Pulsar Timing and Gravitational Waves

Greetings en route from State College, Pennsylvania, home of Penn State University, the only University of which I am aware with a library named after its football coach, Joe Paterno. More relevant to me, Penn State is also the home of the Center for Gravitational Wave Physics, which has been hosting a workshop, “The Pulsar Timing Array — A Nanohertz Gravitational Wave Telescope“. Since I’ve just been accused of not having enough science in this blog:

First, “pulsars” are thought to be spinning neutron stars (a super-dense object that a star can become after it’s run out of fuel), with a lighthouse-like beam that we can detect using radio telescopes — when it happens to be pointed at the earth. The fastest of these rotate almost 1,000 times a second — the millisecond pulsars, discovered in the early 80s by Don Backer and colleagues. Amazingly, the rotation rate is so stable that pulsars can be better timekeepers than the best atomic clocks on the earth.

Next, “gravitational waves,” predicted by Einstein’s General Relativity, are ripples in space and time, actually stretching or compressing the distance between objects as they propagate through the Universe. Gravitational waves are created by the movement of very massive objects like Black Holes (or, indeed, neutron stars: the best indirect evidence for the existence of gravitational waves comes from a pair of pulsars in orbit around one another, speeding up in their orbits as they emit gravitational waves just as predicted by Einstein’s theory).

So, what do these things have to do with one another? If a gravitational wave traverses the space between our radio telescope and a pulsar, it changes the amount of space along the way — so the arrival of the pulsar’s signal is accelerated or delayed by just the amount of time given by the speed of light multiplied by the change in distance — which we can observe through these very small changes in the pulses’ arrival times.
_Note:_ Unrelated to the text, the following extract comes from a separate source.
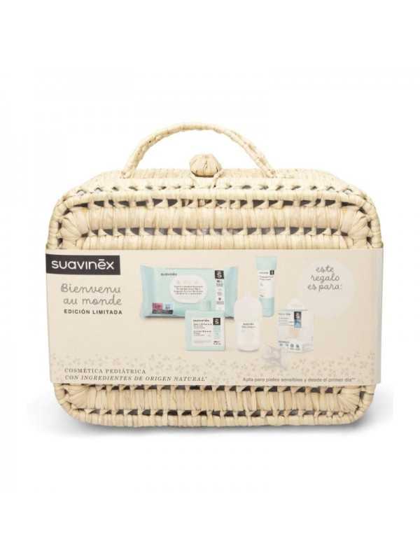 Suavinex Maleta de Nacimiento está tejida a mano con hojas de palma natural y es perfecta para guardar todo lo necesario para dar la bienvenida al bebé. Materiales 100% respetuosos con el medio ambiente.

The challenge is doing this measurement well enough — we expect the delay to be a few nanoseconds (one billionth of a second), compared to the milliseconds (one thousandth of a second) between pulses.

For three days, we talked about ways of generating gravitational waves, about atomic clocks, about all the other physical processes that can distort a pulsar’s signal, and all the great new technology that we hope to be able to use to observe these objects.

Let me also thank the locals for the fact that State College is also the home of lots of free WiFi access points…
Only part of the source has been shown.